So, disingenuousness aside, is this cause for Pumpkins fans to rejoice? Well, maybe a little. Certainly those disappointed with The Future Embrace, as well as latter-day Pumpkins albums Adore and Machina/The Machines of God, will be pleased to hear Corgan back in full-on hard-rock mode. This is without a doubt a monster guitar album, showcasing thick riffs and blazing solos, and songs like “Doomsday Clock” and “Tarantula” dependably recall Siamese Dream-era Pumpkins with a certain added heaviness (the opening to “United States” sounds like a Black Sabbath song).

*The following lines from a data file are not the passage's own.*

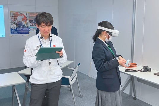 建設工事の時間では、3DCADを使った実際の図面など、最新技術を含んだ仕事内容を紹介したほか、運転・維持管理の時間では、VRを使って実際の下水処理場を施設見学し、綺麗になった水が川に放流されるまでの過程を施設内から放流口まで見学することができました。
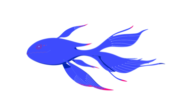 人間形態時は背の低い少年の姿をしているが、正体は巨大な青い魚の怪物。
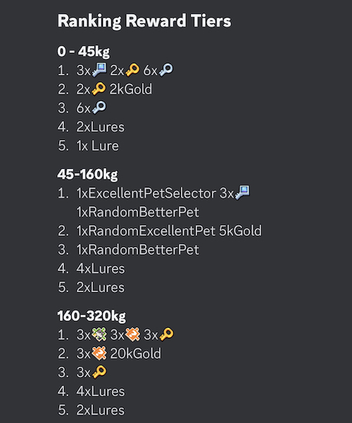 釣りポイントとの交換は釣り上げた累積KGが増えると報酬が豪華になるみたいだね
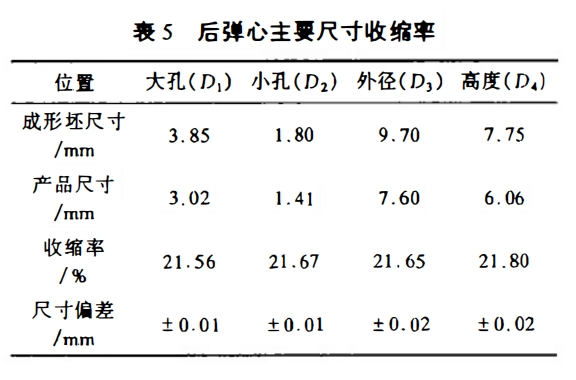 由上述对比结果和表5可见,注射成形产品烧结收缩基本上是各向同性的,这是由于成形坯中密度梯度小,烧结时各处均匀收缩。
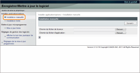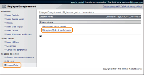 À partir de la page d'accueil de l'Interf dist; cliquez sur [Réglages/Enregistrement] → [Licence/Autre] → [Mémoriser/Mettre à jour le logiciel].
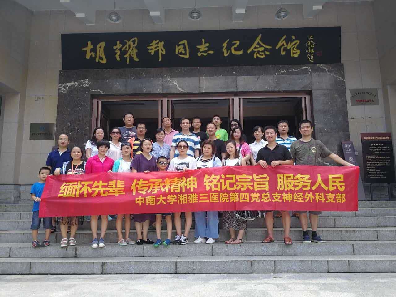 8月20日,第四党总支神经外科支部全体党员在王知非书记的带领下开展了“缅怀先辈、传承精神、铭记宗旨、服务人民”主题党日活动,共同瞻仰了位于浏阳的胡耀邦同志故居和陈列馆,实地接受了一次深刻的革命传统教育。
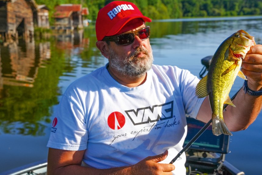 Sébastien privilégie les buzzbaits, bladed jigs et crankbaits pour ces heures matinales. La pêche de surface est aussi efficace avec un stickbait, qui fend la surface aquatique lisse et calme à l’aube. Le temps passe, le soleil se fait plus insistant, les rayons commencent à chauffer l’atmosphère et la brume se forme à la surface du plan d’eau.
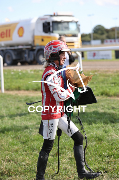 - Beskrivelse: FLASH DE BUCY med Michelle Mønster vinder dagens 4 løb. DM for Monteryttere - Formløb 1.18 Spar Nord Arena-Aalborg Væddeløbsbane d. 7/9-2025. Fotograf: Hesselborg Foto
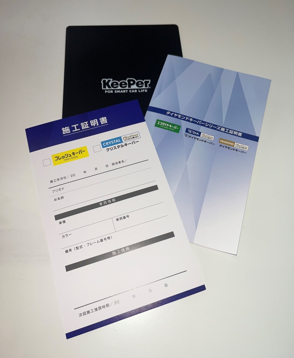 コーティング施工後は『施工証明書』をお渡ししております。
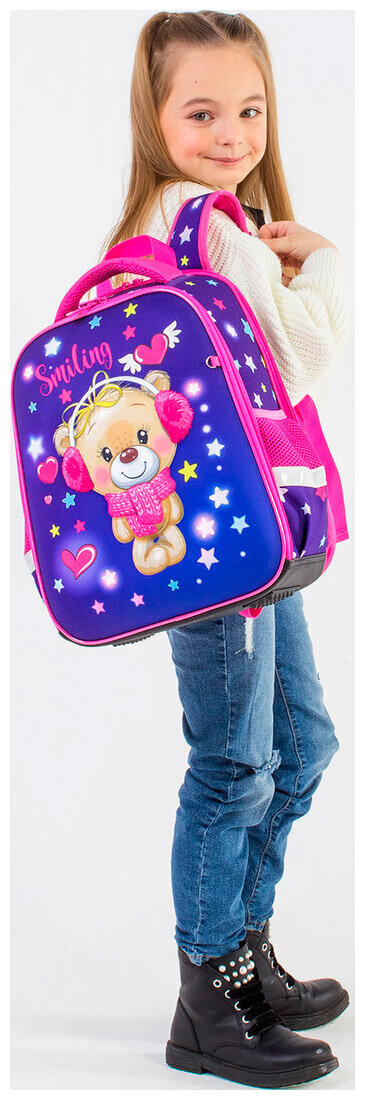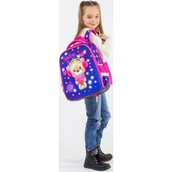 Ранец ортопедический школьный Brauberg для девочки, 2 отделения, smiling bear, 3d-панель, 38х27х14 см (270614)
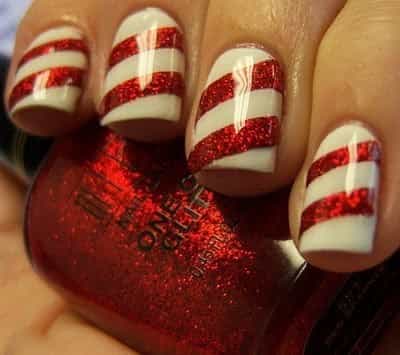 Es un típico dulce de navidad y súper fácil de dibujar. Como consejo, utiliza cinta adhesiva para crear las lineas. Usa la base blanca, deja secar y luego tapa con cinta las partes que no pintarás con rojo (con o sin brillos).
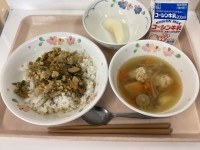 ハッシュドポークライス 牛乳・ごぼうのチップサラダ リンゴ寒天ポンチ
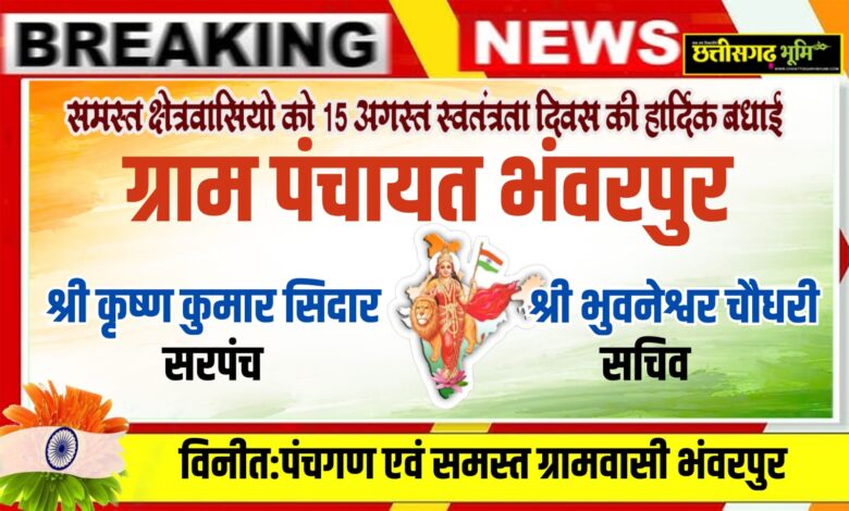 समस्त क्षेत्रवासियों को 15 अगस्त स्वतंत्रता दिवस की हार्दिक शुभकामनाएं एवं बधाई ग्राम पंचायत भंवरपुर
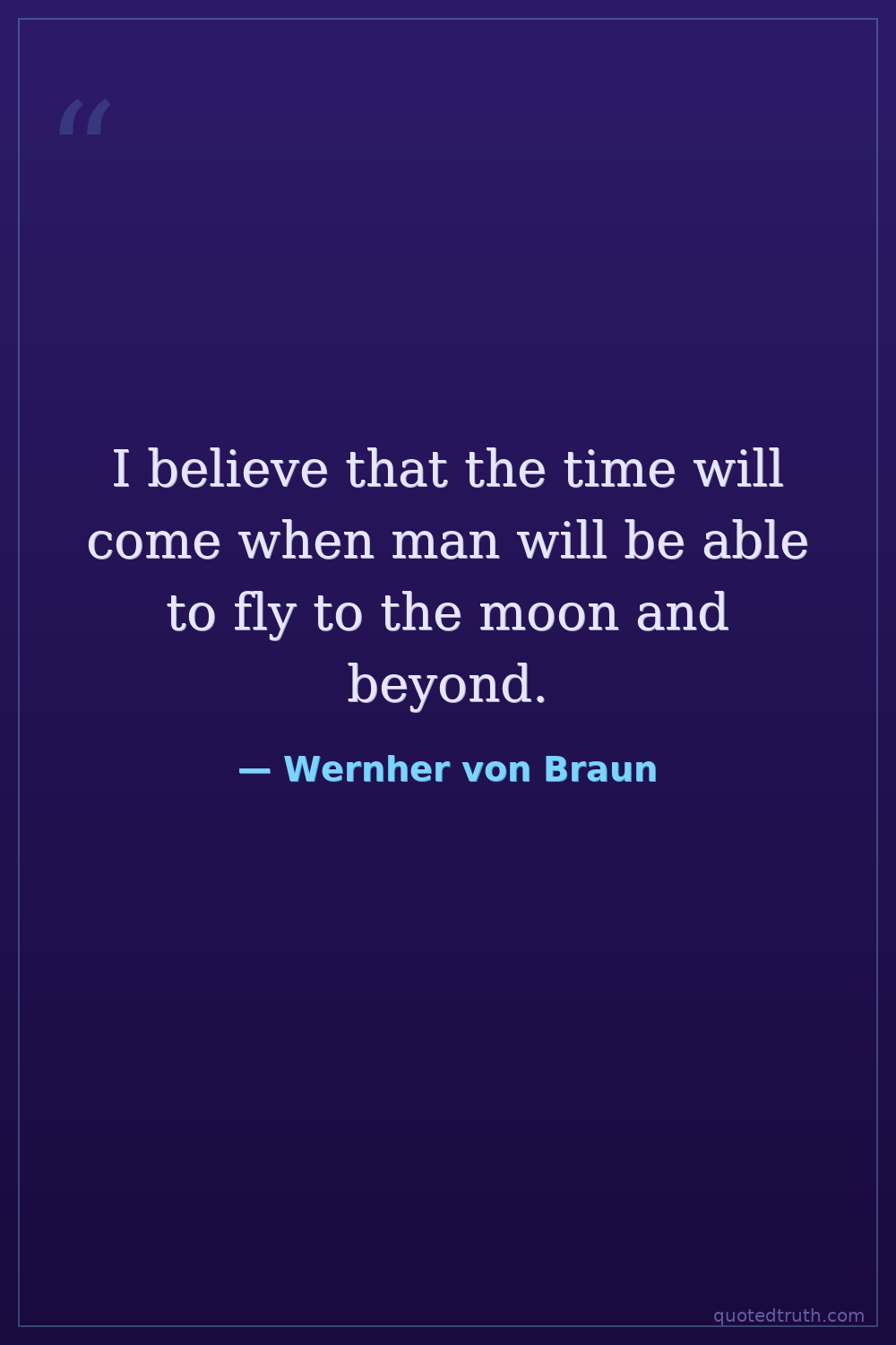I believe that the time will come when man will be able to fly to the moon and beyond.
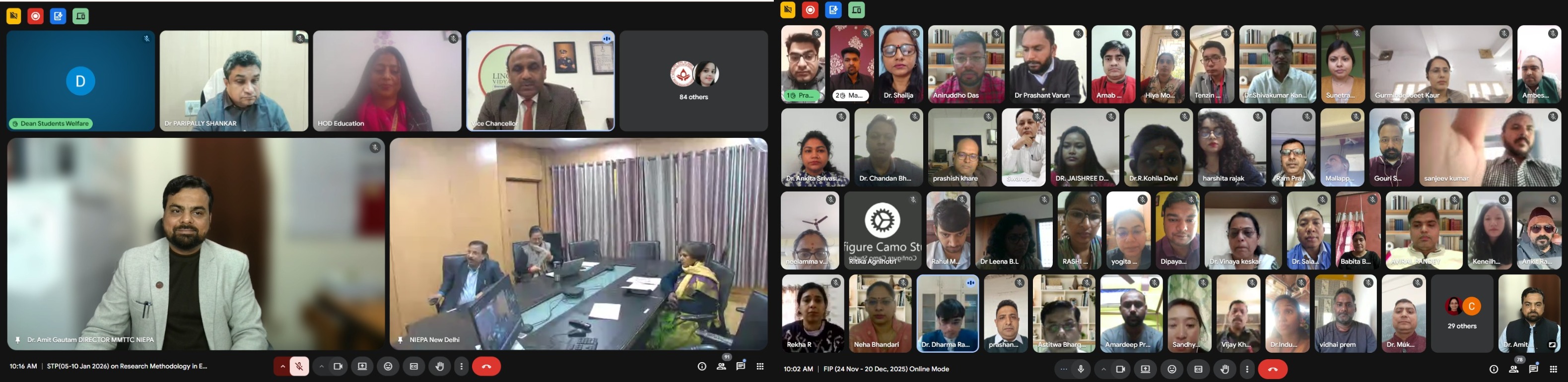 | 5. | Short Term Programme (STP) MMTTC_NIEPA (Registrations Open) Title : Reimagining the Future of MOOC Creation through the Integration of Artificial Intelligence (Last date of registration 18 January 2026 at 05:00 PM) |
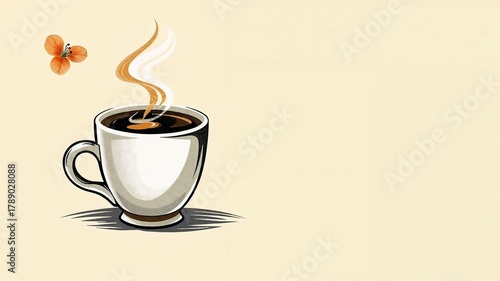 © Alex, Obraz premium Drawing of a steaming coffee cup on a light beige background, logo-styled with copy space for text
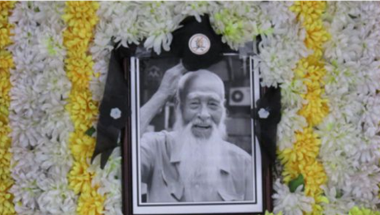 房内墙壁上还挂着老人一幅放大的照片,照片上,老人面容慈祥,精神矍铄,胡子雪白,开心地笑着。
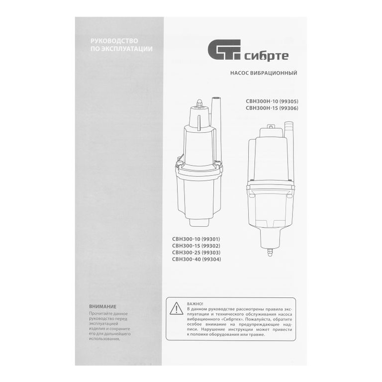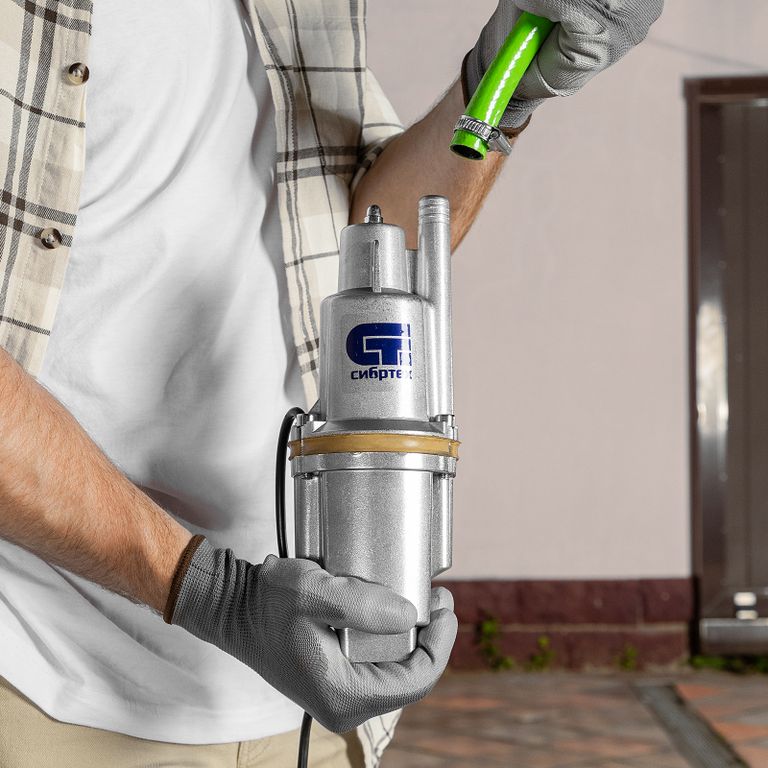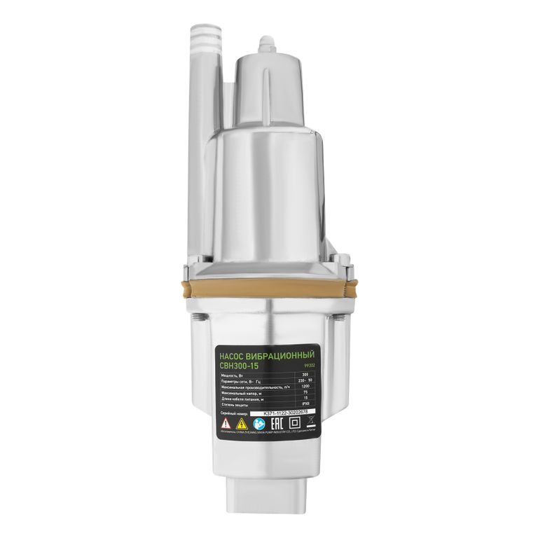 <p>Вибрационный насос Сибртех СВН300-15 99302 мощностью 300 Вт, с кабелем длиной 15 м, способен поднимать чистую воду с глубины до 5 м из колодцев, резервуаров и водоемов со скоростью 1200 л/ч на высоту до 75 м. Используется для организации систем орошения и водоснабжения на даче, также с его помощью можно производить осушение подвалов, погребов, цокольных этажей. Напора и рабочего давления до 7,5 бар достаточно для подачи воды на 2-3 этаж.</p><h2>Преимущества</h2><ul><li>Простой монтаж — с помощью троса, закрепленного в проушинах на корпусе, насос нужно опустить в колодец или резервуар и зафиксировать в вертикальном положении.</li><li>Прочность — алюминиевый корпус устойчив к механическим повреждениям.</li><li>Высокий ресурс — за счет системы верхнего забора воды двигатель не перегревается.</li><li>Возможность подачи питьевой воды — мембрана изготовлена из пищевой резины, безвредной для здоровья.</li><li>Надежная конструкция — детали корпуса скреплены болтами, поэтому даже при интенсивных вибрациях соединения не ослабляются.</li><li>Герметичность — насос имеет степень защиты IPX8, поэтому вода не попадает на электронные компоненты.</li><li>Удобный сетевой шнур — кабель длиной 15 м позволяет подключить насос к розетке вдали от воды.</li><li>Минимальное обслуживание — при правильной эксплуатации не требуется залив воды, очистка фильтра, замена рабочих частей.</li><li>Необходимые аксессуары в комплекте — трос для погружения и хомут для закрепления шланга прилагаются к насосу.</li><li>Небольшой вес 3,6 кг — насос легко транспортировать и устанавливать.</li></ul> |
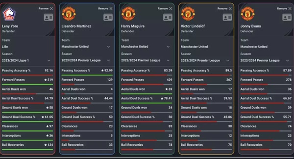 Trong 5 người, Yoro là người thực hiện nhiều đường chuyền về phía trước nhất (519 đường chuyền). Trong khi đó, Harry Maguire là người giỏi nhất khi nói đến các cuộc đấu tay đôi trên không, với 69 lần chiến thắng (tỉ lệ 78,41%).

But “dependable” is about the most enthusiastic thing to be said about Zeitgeist, which is just as often forgettable and disappointingly retrograde. Corgan’s already made a brilliant return to rock on an album that nobody bought: Mary Star of the Sea, the lone release from his short-lived post-Pumpkins project Zwan. That album was life-affirming and joyous, with great riffs and soaring melodies. By contrast, Zeitgeist is gloomy and derivative, although by default it’s better than most mainstream hard rock of 2007. “Don’t you know we cannot die/We are stars,” Corgan sings on the stupidly titled “Starz.” He might want to reassess that sentiment.